─── Input ───

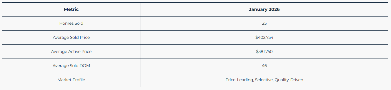 The average sold price ($402K) exceeded the average active price, showing buyers were willing to pay strong numbers — but only for homes that met expectations around layout, finishes, and location. Listings that missed those expectations accumulated time rather than forcing price cuts.
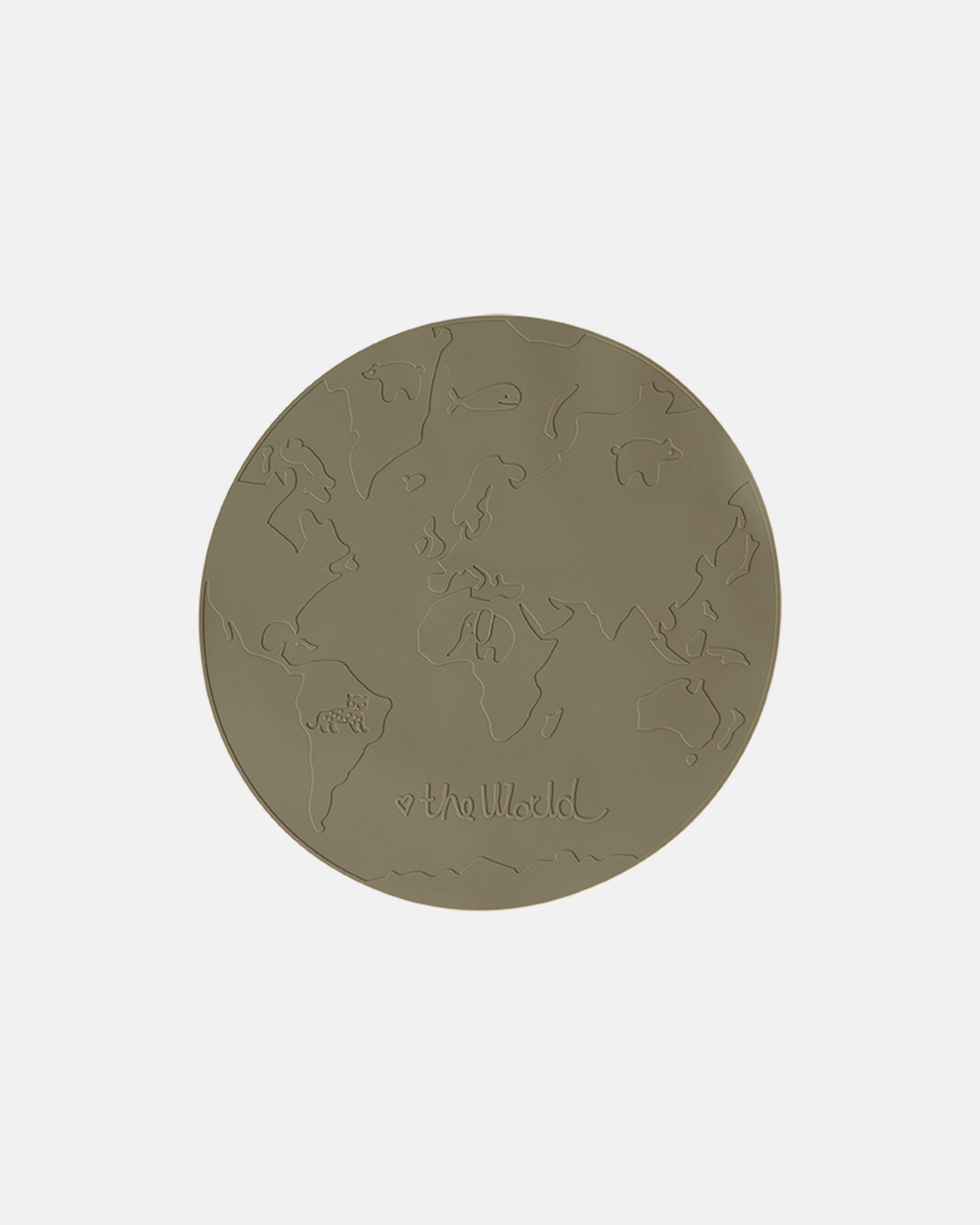 The World Placemat in olive illustrates the whole world with wild animals. The placemat is made of 100% silicone, which is a durable material that is easy to clean. The placemat is non-slip, which means that it lays well on the table.Suitable for meals or in the children's room as a base for creative activities – the child will truly love it. Style no. M107141 Color: Olive Material: 100% Silicone Dimensions: Ø39 x H0,2 cm
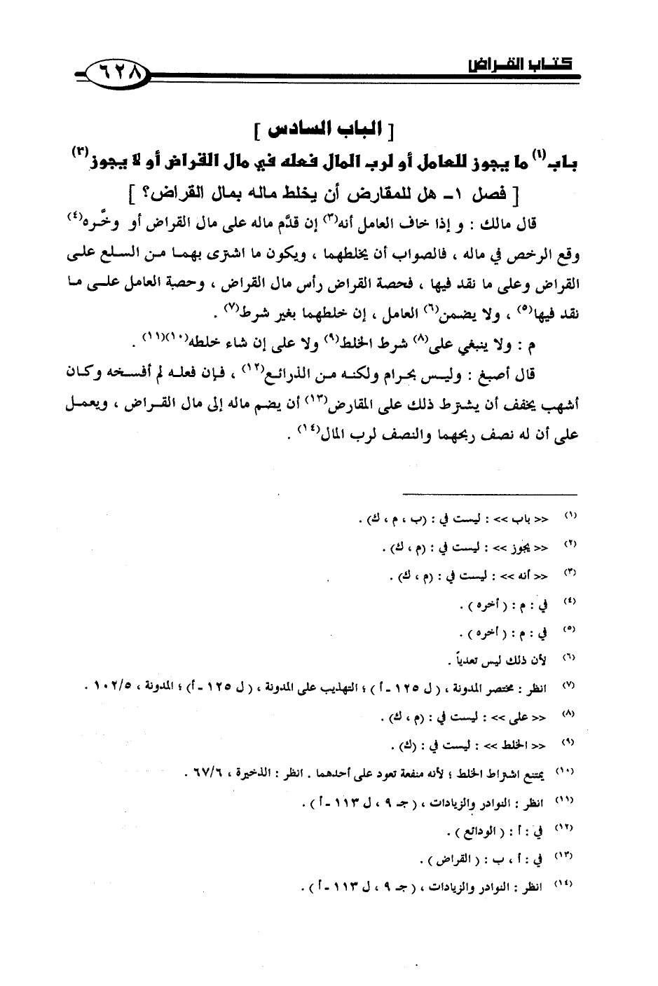 [فصل 1 - هل للمقارض أن يخلط ماله بمال القراض؟]
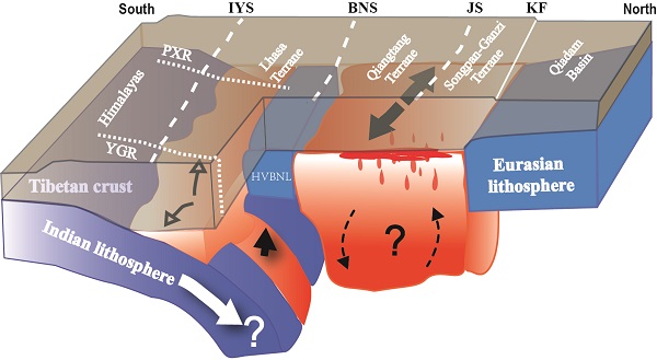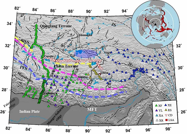 大约50个百万年以来,印度板块与欧亚板块开始完全的陆陆碰撞,印度板块俯冲于青藏高原之下,并持续向北运动,在持续汇聚挤压作用下,青藏高原形成了巨厚的地壳和平均5千米的高原。因青藏高原地域宽广,其主要构造特征表现为南北向的显著差异,为探明深部地壳和岩石圈结构特征,前人在青藏高原开展了大量的以南北走向测线观测为主的流动地震观测,而针对高原深部结构东西向差异的研究少有地球物理观测计划,这也导致对青藏高原下伏的印度大陆岩石圈几何形态缺乏足够的东西向约束。近年来高原深部结构的东西向差异逐渐被研究人员重视,中国科学院地质与地球物理研究所特提斯研究中心构造物理学科组在青藏高原中部拉萨地体北部有针对性地布设了一条东西向的600km长共计58个台站的宽频带流动地震剖面(TIBET-31N)以探测高原深部结构的东西向差异。
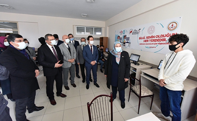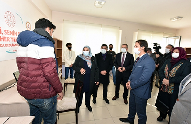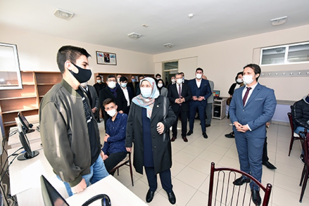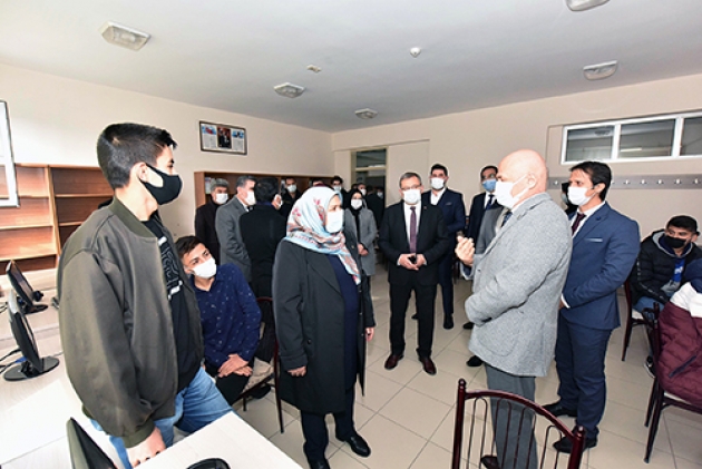 AK Parti Kahramanmaraş Milletvekili Habibe Öçal, beraberinde İlçe Kaymakamı Ümit Şeref Kayacan ve Belediye Başkanı Hüseyin Coşkun Aydın ile birlikte Göksun Anadolu İmam Hatip Lisesinde açılan EBA Destek Noktasını ziyaret ederek öğrencilerle sohbet etti.Öğrencilerden hedeflerini büyük tutmalarını ve iyi bir eğitimin ardından ülke yönetimine talip olmalarını isteyen Milletvekili Habibe Öçal, incelemelerinin ardından yaptığı açıklamada şunları kaydetti: “Bugün Göksun Belediyesi tarafından açılan EBA destek noktalarından birindeyiz. Pandemiden dolayı uzaktan eğitim noktasında öğrencilerimizin derslerine, eğitime erişilebilirlik noktasında elimizden geleni yapmaya çalışıyoruz. Burada bütün kurumlarımızla, yerel yönetimlerimizle birlikte biz öğrencilerimizin eğitimden geri kalmamaları noktasında elimizden gelen gayreti göstermekteyiz. Burada yine öğrencilerimizin kesintisiz eğitim alabilmeleri için internete erişimlerinin hızlandırılması amacı ile EBA destek noktamızı kurduk. Çocuklarımız burada eğitimlerini almaktalar. Onlara düşen derslerine sıkı sıkıya çalışmak, iyi bir eğitimin ardından ülke yönetimine talip olmaktır. Burada emeği geçen Belediye Başkanımız Hüseyin Coşkun Aydın’a çok teşekkür ediyorum. Gerçekten Göksun’da eğitime çok büyük destek vermekte. Aynı şekilde eğitimin kesintiye uğramaması için gayretli çalışmalarından dolayı ilçe Kaymakamımız ve diğer ilgililerde teşekkür ediyorum.”Göksun Belediyesinin eğitime desteğini sürdüreceğini belirten Belediye Başkanı Hüseyin Coşkun Aydın’da yaptığı açıklamada, “Uzaktan eğitim sürecinde Göksun Belediyesi olarak, ilçe milli eğitim müdürlüğü ile işbirliğine gidiyoruz. Bilgisayar ve interneti olmayan öğrencilerin derslerinden geri kalmaması için adeta bir seferberlik başlattık. İlçemiz kırsalında internet erişim sorunu yaşanan bölgelere mobil araçlarımızla EBA destek noktası oluşturduk. İlçe merkezimizde de yine bilgisayarı olmayan öğrencilerimiz için EBA destek sınıfları oluşturuyoruz. Amacımız öğrencilerimizin eğitimde geri kalmamalarıdır. Bu zor günlerde Göksun Belediyesinin bütün imkânları ile eğitime destek olmaya çalışıyoruz” ifadelerini kullandı.EBA destek sınıfında derse katılan öğrenciler de sağlanan imkânlardan dolayı memnuniyetlerini dile getirerek Başkan Aydın ve emeği geçenlere teşekkür ettiler.Milletvekili Öçal, daha sonra beraberindeki heyetle birlikte okul bünyesinde oluşturulan ve Milli Eğitim Bakanlığı Din Öğretimi Genel Müdürlüğü tarafından örnek gösterilen uygulama mescidini inceledi.
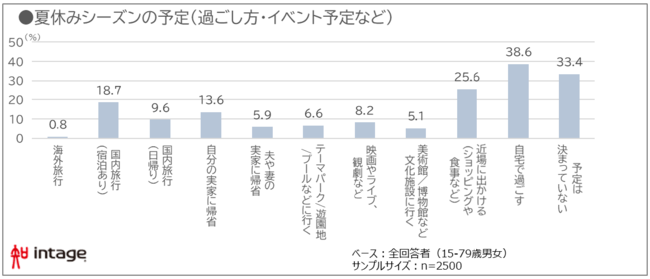株式会社インテージ(本社:東京都千代田区、代表取締役社長:檜垣 歩、以下インテージ)は、2022年の夏休みについて、全国の15歳から79歳の男女を対象に2022年6月21日~6月23日に実施した調査結果を公開します。
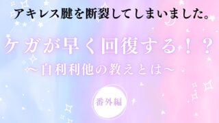 やっちまったケガが早く治る方法【自利利他の教え】アキレス腱が切れていまいました~番外編~ 6月末にアキレス腱を断裂して、7月に手術。8月は装具生活を経て、9月になった現在、何とか装具も外れて、まだまだリハビリ中ですが何とか両足で歩けるようになりました。 手術をして、装具が外れるまで約2ヶ月を振り返って・・・。 病院... 2025.10.11やっちまった明日好き言葉
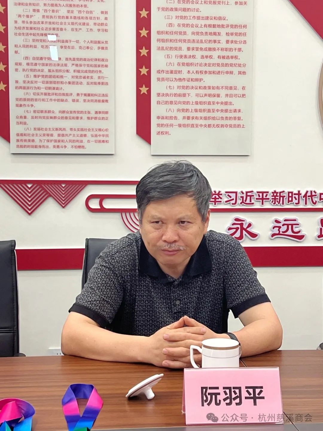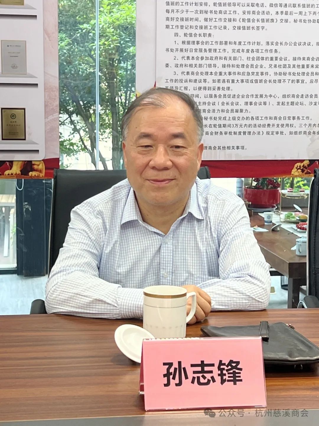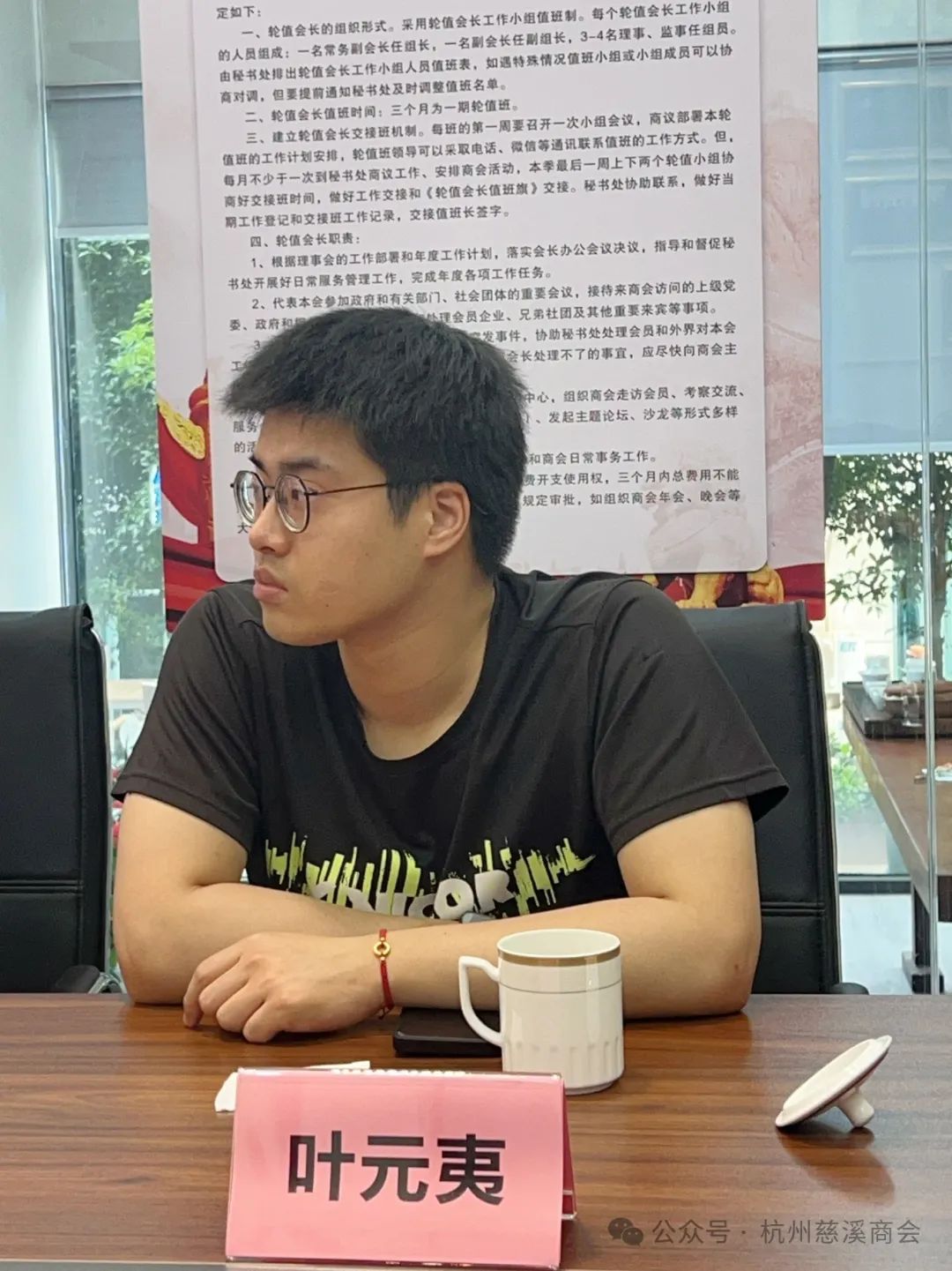浙江省发改委原副主任、慈溪杭州经济建设促进会会长、杭州市慈溪商会名誉会长赵彦年,慈溪杭州经济建设促进会执行秘书长、杭州市慈溪商会顾问邹蔓莉,浙江大学教职工羽毛球协会副会长兼秘书长、浙大慈溪籍专家顾问团团长兼秘书长孙志锋,杭州市慈溪商会常务副会长、轮值会长小组组长阮羽平,常务副会长兼青联部主任罗毅,副会长、轮值会长小组副组长范菁华,副会长兼副秘书长方鑫煜,秘书长沈含惠,办公室副主任黄承、赵炜炜,浙大羽毛球裁判组编排长叶元夷,商会秘书徐静云等参加会议。
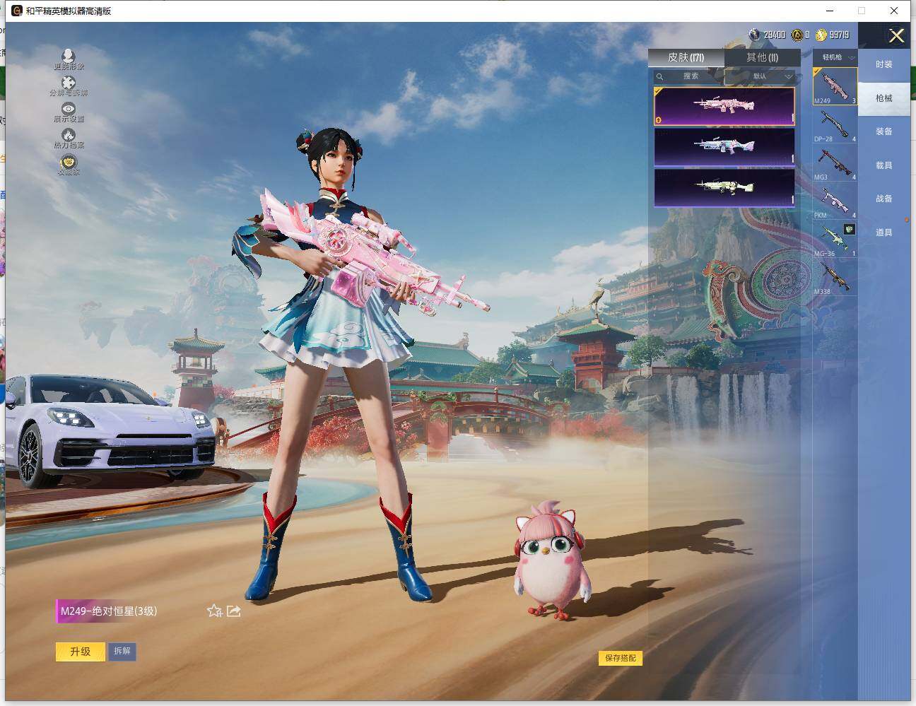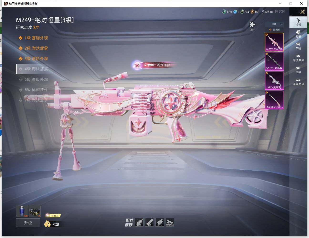 【粉色枪皮等级】:ARX-无垠阁(七级),Kar98K-巳巳如意(五级),M249-绝对恒星(三级),DP-28-豹影疾电(五级)

───

Try it:
Starting at the line that contains "株式会社インテージ(本社:東", retype each line through the end of the data exactly, and leave out every picture.

Final answer:
株式会社インテージ(本社:東京都千代田区、代表取締役社長:檜垣 歩、以下インテージ)は、2022年の夏休みについて、全国の15歳から79歳の男女を対象に2022年6月21日~6月23日に実施した調査結果を公開します。
 やっちまったケガが早く治る方法【自利利他の教え】アキレス腱が切れていまいました~番外編~ 6月末にアキレス腱を断裂して、7月に手術。8月は装具生活を経て、9月になった現在、何とか装具も外れて、まだまだリハビリ中ですが何とか両足で歩けるようになりました。 手術をして、装具が外れるまで約2ヶ月を振り返って・・・。 病院... 2025.10.11やっちまった明日好き言葉
浙江省发改委原副主任、慈溪杭州经济建设促进会会长、杭州市慈溪商会名誉会长赵彦年,慈溪杭州经济建设促进会执行秘书长、杭州市慈溪商会顾问邹蔓莉,浙江大学教职工羽毛球协会副会长兼秘书长、浙大慈溪籍专家顾问团团长兼秘书长孙志锋,杭州市慈溪商会常务副会长、轮值会长小组组长阮羽平,常务副会长兼青联部主任罗毅,副会长、轮值会长小组副组长范菁华,副会长兼副秘书长方鑫煜,秘书长沈含惠,办公室副主任黄承、赵炜炜,浙大羽毛球裁判组编排长叶元夷,商会秘书徐静云等参加会议。
 【粉色枪皮等级】:ARX-无垠阁(七级),Kar98K-巳巳如意(五级),M249-绝对恒星(三级),DP-28-豹影疾电(五级)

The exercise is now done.